A forced marriage is defined by the Forced Marriage (Civil Protection) Act 2007 as marriage without the full and free consent of both parties. The Act, which came into force on 25 November 2008, creates specialist courts designed to prevent forced marriages occurring and to protect those individuals who have been forced into marriage without their consent. These courts are, however, restricted in terms of providing remedies once the marriage has taken place as they do not have the power to annul marriages and forcing an individual to marry against their will has not been made a criminal offence.

The courts can prevent forced marriages from taking place through the use of Forced Marriage Protection Orders (FMPOs) and, where there has been a true threat of physical violence, a power of arrest can be attached to an order. Conditions attached to orders can direct people to stop intimidation and prevent them from taking people abroad. They can also impose a duty to give the details of the whereabouts of a missing person and to surrender passports. A person in contempt of an order may face up to two years’ imprisonment.
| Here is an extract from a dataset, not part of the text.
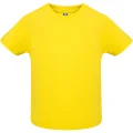 Camiseta Baby. Los más peques también merecen ir a la última. La camiseta de manga corta Baby viene confeccionada con tejido en galga fina y acabado compactado, lo mejor para su piel. Además, cuenta con una abertura en el hombro con corchetes. Roly también acompaña a los más pequeños.

A FMPO can be applied for by anyone who believes they are at risk of being forced to marry. Relatives, professionals and interested parties, however, can only apply for an order on behalf of the victim with the permission of the court. In addition, Relevant Third Parties (RTPs), such as local authorities (once sufficiently ready to undergo the role), will be entitled to apply for an order without the court’s permission. Independent domestic violence advisers attached to the criminal courts may also be able to act as RTPs, depending on the outcome of a pilot study due to be carried out by the Ministry Of Justice.
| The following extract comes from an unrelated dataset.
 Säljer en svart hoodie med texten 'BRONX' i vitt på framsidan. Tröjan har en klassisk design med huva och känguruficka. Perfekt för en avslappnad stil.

Unusually, solicitors acting for a minor can apply directly to the court without the minor needing to have an adult ‘litigation friend’ to represent them.

It is hoped that the introduction of the Act will make it easier for potential victims of arranged marriages to come forward in the knowledge that there are systems in place to help them. It is also hoped that the legislation will make it clear to perpetrators that forced marriage is an identifiable civil wrong, bringing with it legal consequences. Advisors to the Government believe that there has been an under-reporting of such cases to date. On the first day the Act was in force, two successful applications for orders were made, one of which involved a 23-year-old woman who was on the verge of being flown to Pakistan for a forced marriage.